= EXERCISE OBJECTIVE =
In the entries below, find the line with "в Новокузнецке купить" and the line with "シリーズCHANEL シャネル アンクルブーツ", then retype both and everything between them exactly. Do not copy the pictures.

= TASK INPUT =
+===+

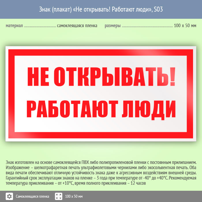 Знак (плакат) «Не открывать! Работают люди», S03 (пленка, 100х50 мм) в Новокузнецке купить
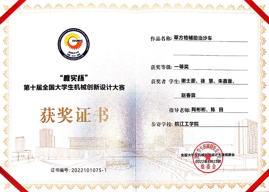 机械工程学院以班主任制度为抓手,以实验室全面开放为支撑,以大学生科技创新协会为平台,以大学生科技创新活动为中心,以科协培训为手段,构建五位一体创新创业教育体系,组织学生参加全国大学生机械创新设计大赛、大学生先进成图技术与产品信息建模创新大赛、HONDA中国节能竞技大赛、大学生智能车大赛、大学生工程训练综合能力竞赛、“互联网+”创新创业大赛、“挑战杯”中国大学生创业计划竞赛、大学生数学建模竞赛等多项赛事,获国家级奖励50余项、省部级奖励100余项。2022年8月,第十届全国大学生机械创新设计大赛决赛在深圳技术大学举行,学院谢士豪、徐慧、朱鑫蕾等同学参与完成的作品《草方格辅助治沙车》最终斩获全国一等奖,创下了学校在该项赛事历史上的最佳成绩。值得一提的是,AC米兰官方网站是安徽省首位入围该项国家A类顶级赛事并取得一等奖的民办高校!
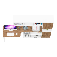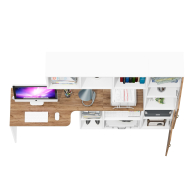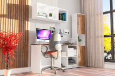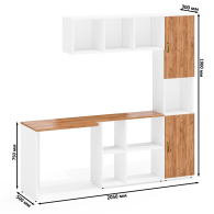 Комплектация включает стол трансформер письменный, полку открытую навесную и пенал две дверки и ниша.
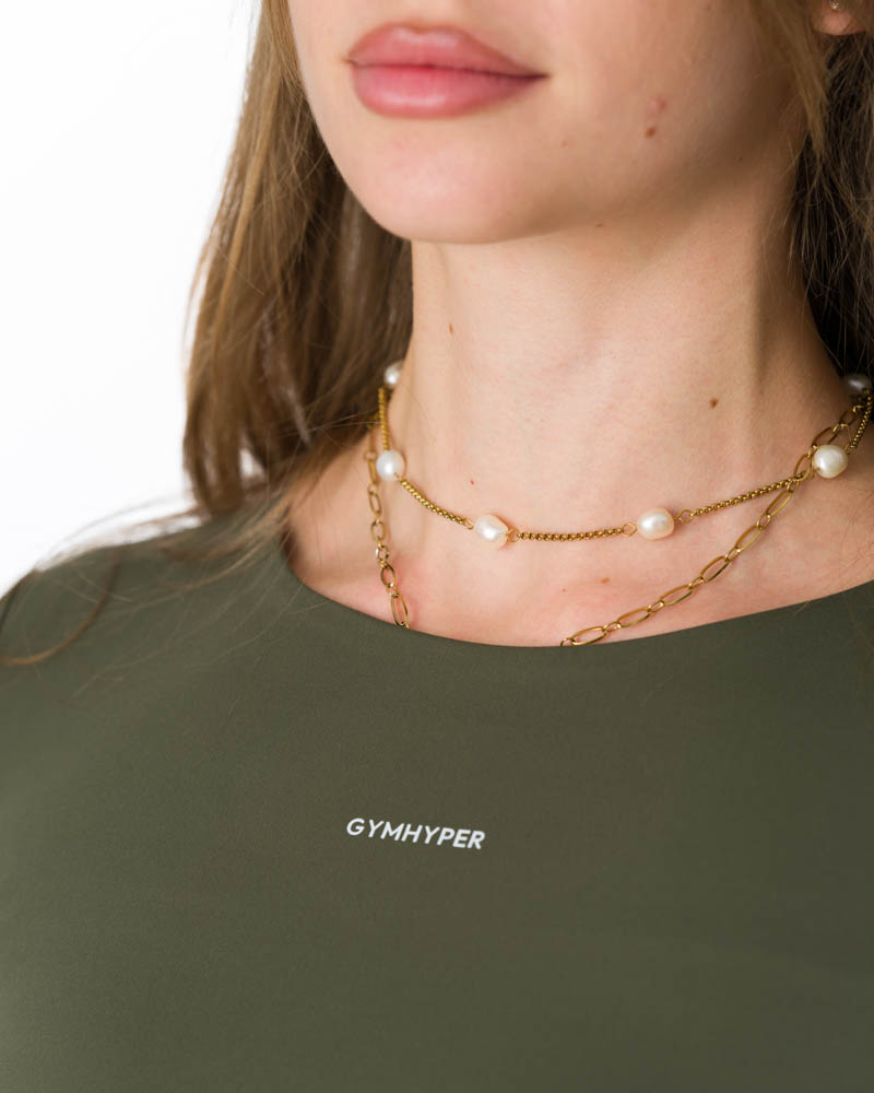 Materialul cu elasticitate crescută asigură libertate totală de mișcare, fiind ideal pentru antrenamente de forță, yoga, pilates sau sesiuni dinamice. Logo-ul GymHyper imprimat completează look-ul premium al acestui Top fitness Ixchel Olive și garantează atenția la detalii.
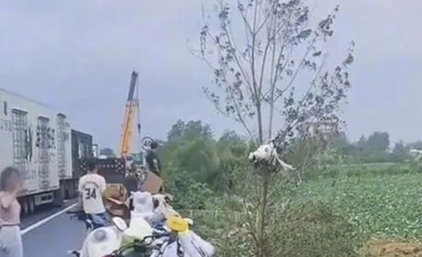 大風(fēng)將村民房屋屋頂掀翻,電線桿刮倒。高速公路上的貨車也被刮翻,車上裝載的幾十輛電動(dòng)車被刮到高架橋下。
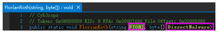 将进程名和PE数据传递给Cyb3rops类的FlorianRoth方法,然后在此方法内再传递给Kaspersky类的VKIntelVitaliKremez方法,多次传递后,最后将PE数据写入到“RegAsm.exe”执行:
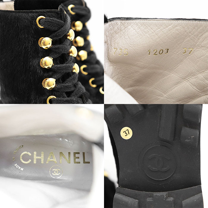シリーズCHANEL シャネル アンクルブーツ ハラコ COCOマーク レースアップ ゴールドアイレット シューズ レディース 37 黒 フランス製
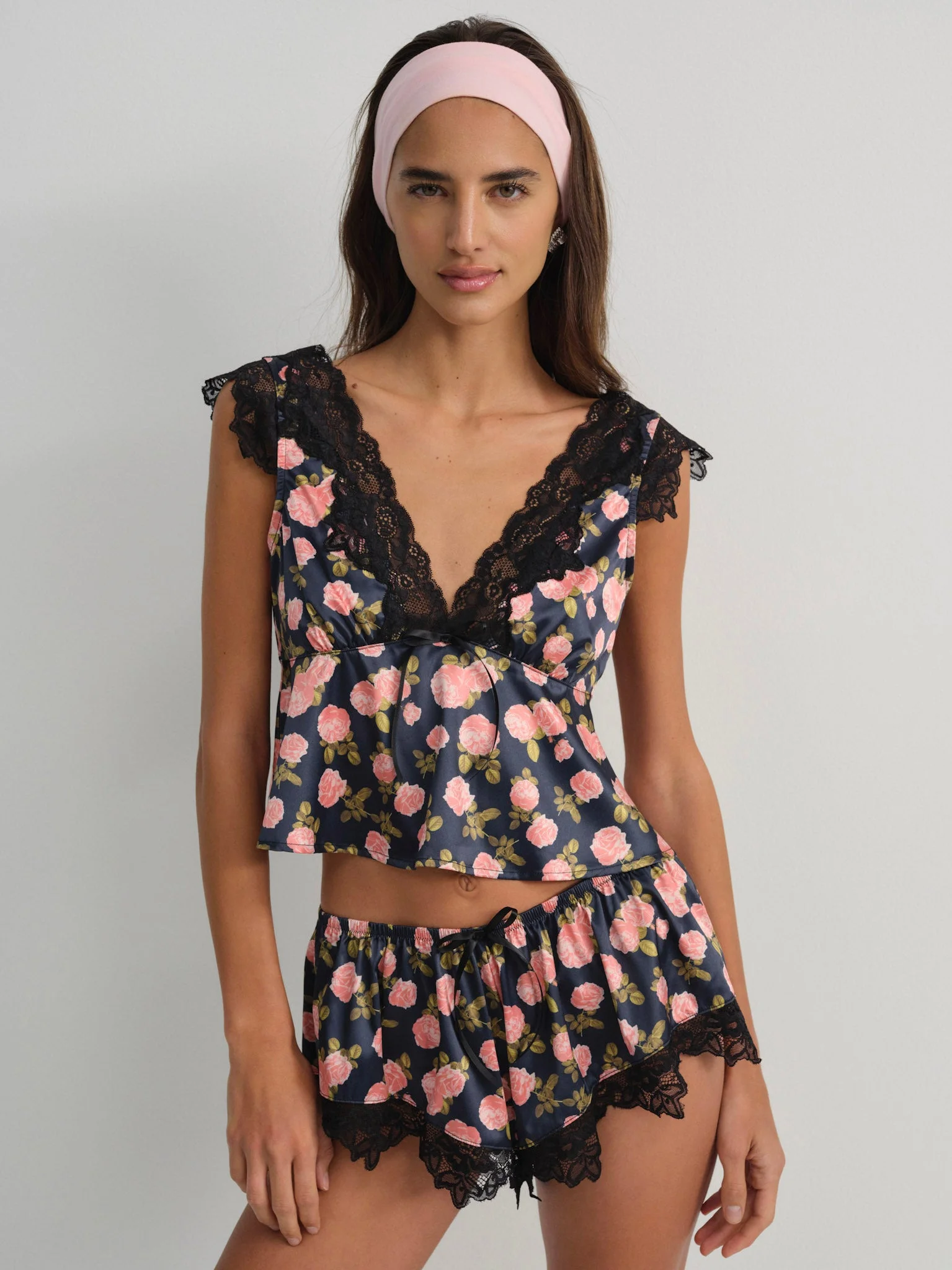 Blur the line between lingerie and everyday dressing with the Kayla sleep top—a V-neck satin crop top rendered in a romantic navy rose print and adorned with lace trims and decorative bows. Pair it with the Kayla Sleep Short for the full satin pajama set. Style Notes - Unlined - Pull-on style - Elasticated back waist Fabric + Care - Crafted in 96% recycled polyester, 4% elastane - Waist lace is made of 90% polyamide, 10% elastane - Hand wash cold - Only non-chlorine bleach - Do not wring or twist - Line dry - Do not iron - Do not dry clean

+===+

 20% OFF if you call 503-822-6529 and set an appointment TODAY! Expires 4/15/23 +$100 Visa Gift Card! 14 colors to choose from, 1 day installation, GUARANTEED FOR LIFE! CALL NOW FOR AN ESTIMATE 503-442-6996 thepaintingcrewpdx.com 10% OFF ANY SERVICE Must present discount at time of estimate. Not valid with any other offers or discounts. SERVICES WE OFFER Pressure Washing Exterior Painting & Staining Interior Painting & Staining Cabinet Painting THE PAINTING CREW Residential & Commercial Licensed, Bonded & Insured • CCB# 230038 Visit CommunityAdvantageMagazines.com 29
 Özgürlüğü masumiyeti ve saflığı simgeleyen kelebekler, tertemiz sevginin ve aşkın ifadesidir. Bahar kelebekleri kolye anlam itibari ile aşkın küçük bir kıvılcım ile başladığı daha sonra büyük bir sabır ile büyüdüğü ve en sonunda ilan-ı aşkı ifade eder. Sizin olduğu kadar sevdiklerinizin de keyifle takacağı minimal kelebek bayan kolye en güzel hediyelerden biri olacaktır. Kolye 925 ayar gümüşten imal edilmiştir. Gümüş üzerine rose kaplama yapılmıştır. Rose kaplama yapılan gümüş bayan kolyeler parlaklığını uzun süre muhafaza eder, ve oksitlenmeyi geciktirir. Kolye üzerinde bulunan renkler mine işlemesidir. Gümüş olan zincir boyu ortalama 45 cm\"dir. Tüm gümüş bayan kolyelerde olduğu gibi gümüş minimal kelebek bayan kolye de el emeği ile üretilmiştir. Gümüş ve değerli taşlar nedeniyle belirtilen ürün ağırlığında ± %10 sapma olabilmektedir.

+===+

= WRITTEN ANSWER =
 Знак (плакат) «Не открывать! Работают люди», S03 (пленка, 100х50 мм) в Новокузнецке купить
 机械工程学院以班主任制度为抓手,以实验室全面开放为支撑,以大学生科技创新协会为平台,以大学生科技创新活动为中心,以科协培训为手段,构建五位一体创新创业教育体系,组织学生参加全国大学生机械创新设计大赛、大学生先进成图技术与产品信息建模创新大赛、HONDA中国节能竞技大赛、大学生智能车大赛、大学生工程训练综合能力竞赛、“互联网+”创新创业大赛、“挑战杯”中国大学生创业计划竞赛、大学生数学建模竞赛等多项赛事,获国家级奖励50余项、省部级奖励100余项。2022年8月,第十届全国大学生机械创新设计大赛决赛在深圳技术大学举行,学院谢士豪、徐慧、朱鑫蕾等同学参与完成的作品《草方格辅助治沙车》最终斩获全国一等奖,创下了学校在该项赛事历史上的最佳成绩。值得一提的是,AC米兰官方网站是安徽省首位入围该项国家A类顶级赛事并取得一等奖的民办高校!
 Комплектация включает стол трансформер письменный, полку открытую навесную и пенал две дверки и ниша.
 Materialul cu elasticitate crescută asigură libertate totală de mișcare, fiind ideal pentru antrenamente de forță, yoga, pilates sau sesiuni dinamice. Logo-ul GymHyper imprimat completează look-ul premium al acestui Top fitness Ixchel Olive și garantează atenția la detalii.
 大風(fēng)將村民房屋屋頂掀翻,電線桿刮倒。高速公路上的貨車也被刮翻,車上裝載的幾十輛電動(dòng)車被刮到高架橋下。
 将进程名和PE数据传递给Cyb3rops类的FlorianRoth方法,然后在此方法内再传递给Kaspersky类的VKIntelVitaliKremez方法,多次传递后,最后将PE数据写入到“RegAsm.exe”执行:
シリーズCHANEL シャネル アンクルブーツ ハラコ COCOマーク レースアップ ゴールドアイレット シューズ レディース 37 黒 フランス製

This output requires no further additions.